Философские и религиозные убеждения Тацита, так же как и политические, нигде не формулированы им ясно и определять их приходится по случайным его высказываниям или по суждениям о каких-либо фактах.
Прежде всего видно, что Тацит не принадлежал всецело ни к какой философской школе. Хотя из его сочинений видно знакомство со стоической и эпикурейской философией, но не особенно глубокое, достаточное лишь для практического государственного деятеля. Ни одной из этих систем он не отдавал предпочтения: в признании того принципа, что добродетель есть высшее благо, он сочувствовал стоикам; но в отрицании мифологических богов он скорее следовал эпикурейцам. Иногда он приводит рядом догматы эпикурейской и стоической школы, не зная, которой отдать предпочтение.
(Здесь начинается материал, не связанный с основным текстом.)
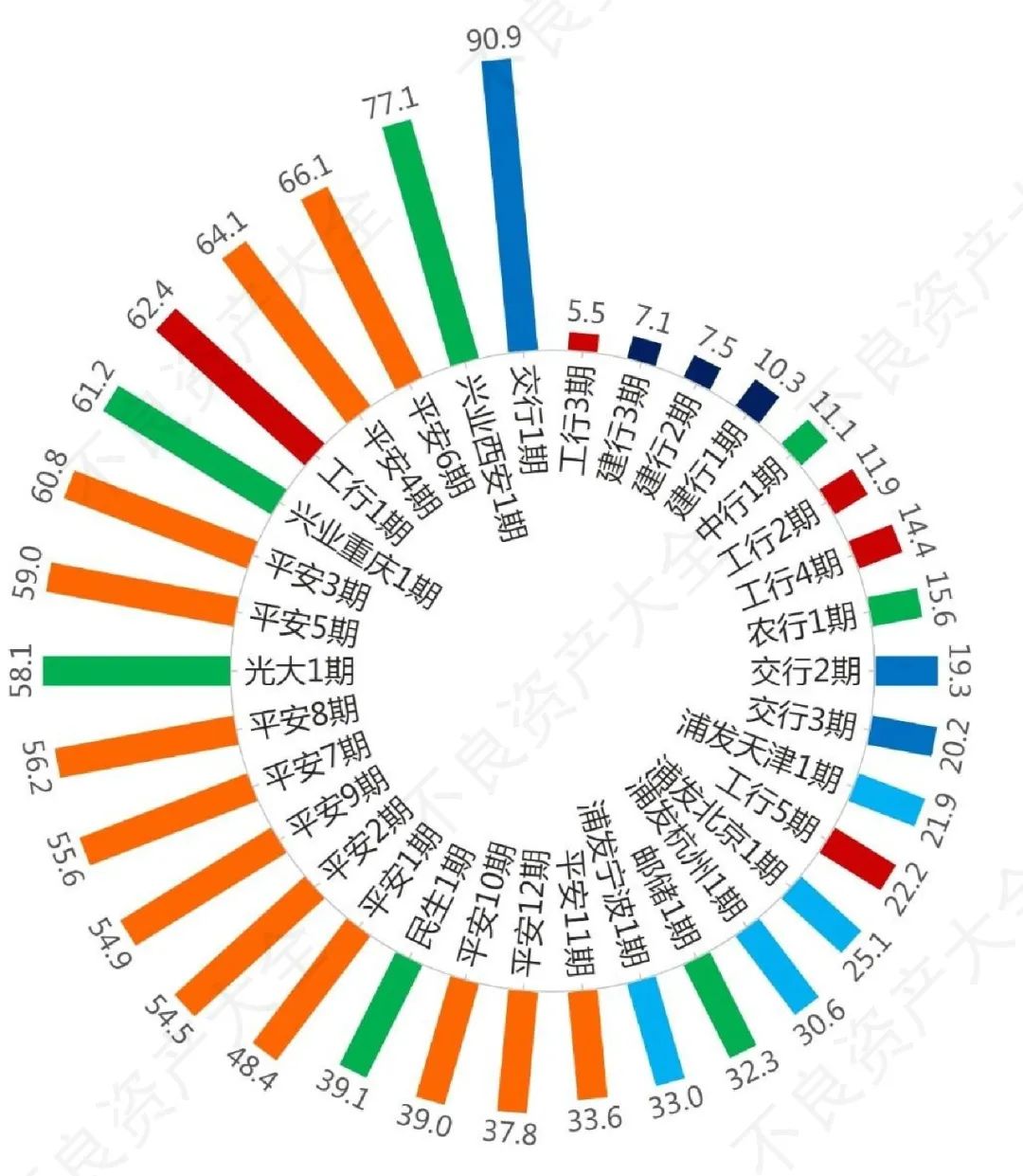 從已公告的34期銀行個貸不良資產來看,建行的三期平均逾期月數(按未償本息加權平均,下同)只有七個半月,即便在傳統清收領域,也不算長賬齡資產。而平均逾期月數最長的為平安銀行,接近五年。此外,工商銀行為41.6個月,交通銀行為31.9個月,浦發銀行為27.1個月,其余銀行則為1至5年不等。其中單期平均逾期月數最長的為交行1期的90.9個月,賬齡超過七年半;最短的為工行3期不足半年。就銀行個貸不良來看,賬齡分布比較全面,客觀上基本照顧到了不同賬齡專長的資產管理公司或處置機構。

Нигде невидно, чтобы он признавал богов как существа личные, имеющие какую-нибудь форму; напротив, он был склонен видеть в боге нечто такое, что не может быть заключено ни в какие формы. Это можно предполагать на основании его рассказа о том, как представляли себе божество германцы и иудеи. "Германцы,- говорит он,- считают сообразным с величием небесных существ не держать богов заключенными в стенах и не придавать им никакой человеческой формы" ("Германия", 9). О верованиях иудеев он выражается так: "Иудеи признают единое божество и представляют его только в уме. Они считают нечестивыми тех, которые делают из бренных веществ изображения богов наподобие людей. Бог для них есть существо верховное и вечное, неподражаемое[1] и не может погибнуть" ("История", V, 5).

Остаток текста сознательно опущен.